NEW YORK CITY - As border security increases while immigration becomes a higher focal point in the country's political conversation, migrants are looking for different ways to reach the U.S. without facing authorities' crackdown.

One of the new methods, according to a new investigative report by Noticias Telemundo and other news organizations, turned out to be cargo trucks, a practice that has increased in popularity across the years.

Noticias Telemundo and the Latin American Center for Investigative Journalism (CLIP), along with the International Consortium of Investigative Journalists and Bellingcat, reported on the story for seven months.

Through official statements by federal agencies, news reports and more, the consortium created a database based on more than 170 trucks that got into an accident, were detained or abandoned between 2018 and 2023, to get a better picture of how these smugglers operate.

They found that almost 19,000 migrants have traveled in these containers, including around 3,200 minors. Telemundo believes, however, that these figures could be a major underestimation.

Yanira Chavez Santos was one of the interviewees for the report. She said that in 2019, as she closed the door in her house in Armenia, a little town in Honduras, she paid $5,000 to a "coyote"— the popular name for migrant smugglers— who promised to take her and her two children to the U.S. Once they eventually got to the U.S., they would have to pay another smuggler the same amount again.

From San Pedro Sula, Honduras, they traveled by bus to the Guatemalan border with Mexico, where they crossed by boat. Once in Mexico, they were taken to Villahermosa, where they were promised to catch a plane. Instead, they got their belongings taken away and put in a cargo truck.

"We said: 'we're not going'," Chavez says, "but once you're there it doesn't depend on you: you just have to go because if you don't, the threat is that they will give us to the cartels."

The family would eventually travel for four days in the truck, which held more than 100 people, with little food, water or space to take care of their needs. They would also stop only three times across those days.

Chavez and her family survived the trip, but according to Telemundo, at least 111 migrants that have traveled in these trucks have died in the past six months, most of them passing away by suffocation, lack of oxygen, heat, or even road accidents.

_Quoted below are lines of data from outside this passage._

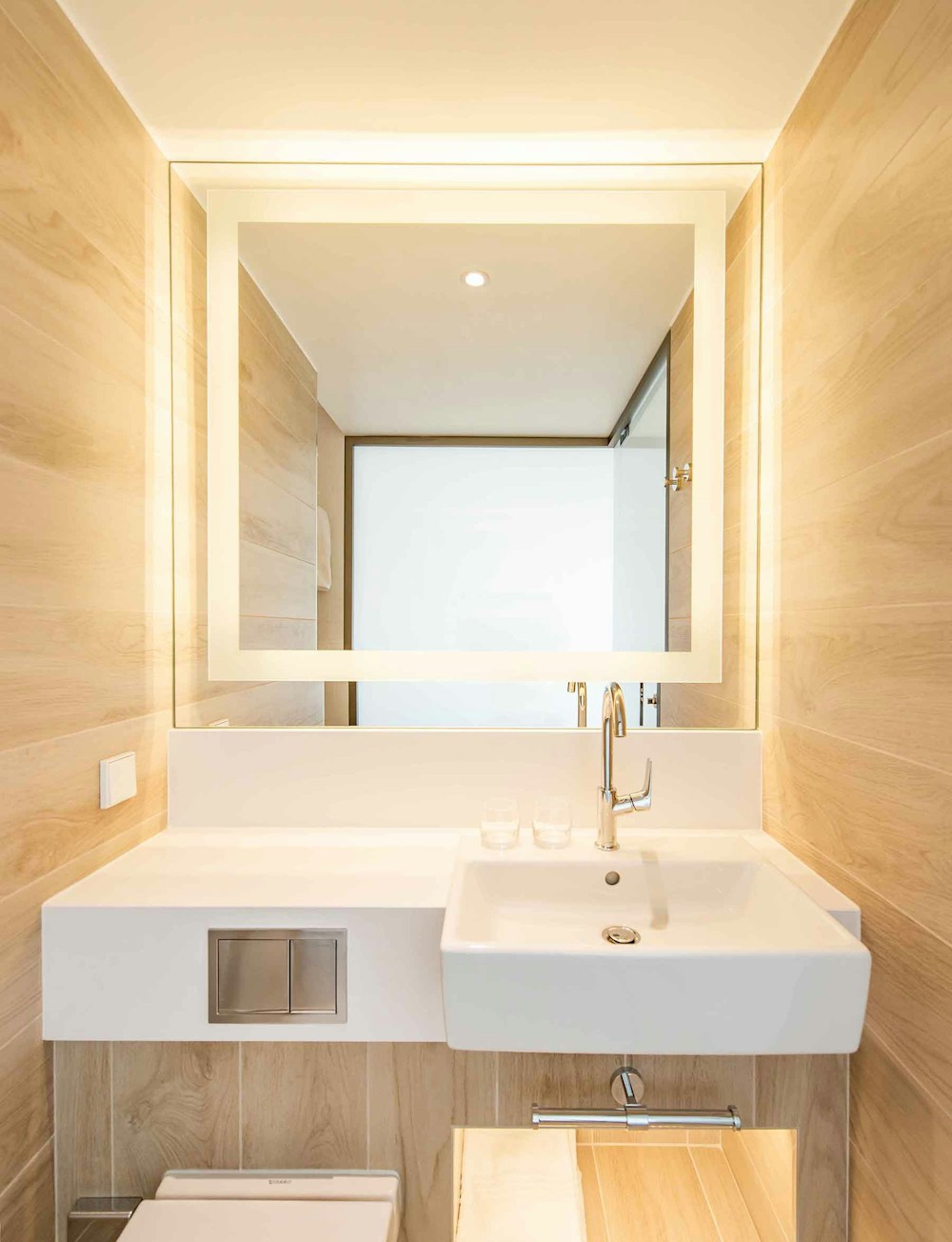 An immersive corridor from the light-filled lobby leads guests to the hotel’s bar and restaurant and away from the bustle of the city streets.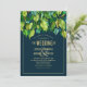 Kreatives Hochzeitsdesign mit reichlich Blattwerk, das in einer modernen Art und Weise gezeichnet wird, die eine metallische Textur imitiert. Die Farbtöne Grün, Gold, Kupfer, Platin, Türkis, Dunkelblau. Tief blauer Hintergrund. Goldbuchstaben (Gold ist kein echtes Gold, sondern Farbe). Moderne, stromlinienförmige Schriftart. Wirklich einzigartig, involviert und elegant. Für Hochzeit im Herbst, Hochzeit im Sommer, Hochzeit im Garten oder jede Art von moderner Hochzeit.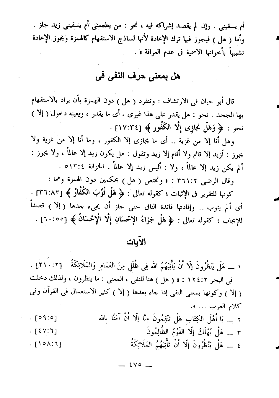 في البحر 2: 124: «(هل) هنا للنفي، المعنى: ما ينظرون، ولذلك دخلت (إلا) وكونها بمعنى النفي إذا جاء بعدها (إلا) كثير الاستعمال في القرآن وفي كلام العرب. . .».

In Mexico, trafficking undocumented migrants is a federal crime and it can be investigated by state and federal authorities, according to Noticias Telemundo.

Nevertheless, Coyotes often face little repercussions in the country, with only 35 convictions for human trafficking between 2016 and 2023. Similarly, Veracruz, one of the states with the largest trafficking rates and where more deaths are registered, only opened three investigations of human trafficking aboard these vehicles.

At the other side of the border, Noticias Telemundo reports that the American government is well aware of human and drug trafficking across the border.

"The same groups that are in charge of drug trafficking are also operating the issue of passing people. They are making money on both sides with it," said Jason Owens, U.S. Border Patrol chief.

In recent years, the U.S. government has also tried to pressure the Mexican government to stop the flow of migrants across the territory.

In November 2023, for example, President Joe Biden and Mexican President Andres Manuel Lopez Obrador pledged to work side-by-side to confront illicit fentanyl trafficking into the U.S. and to manage the growing number of migrants traveling north to the border between their nations.

"Nothing is beyond our reach in my view if Mexico and the United States stand together and work together," Biden said back in November.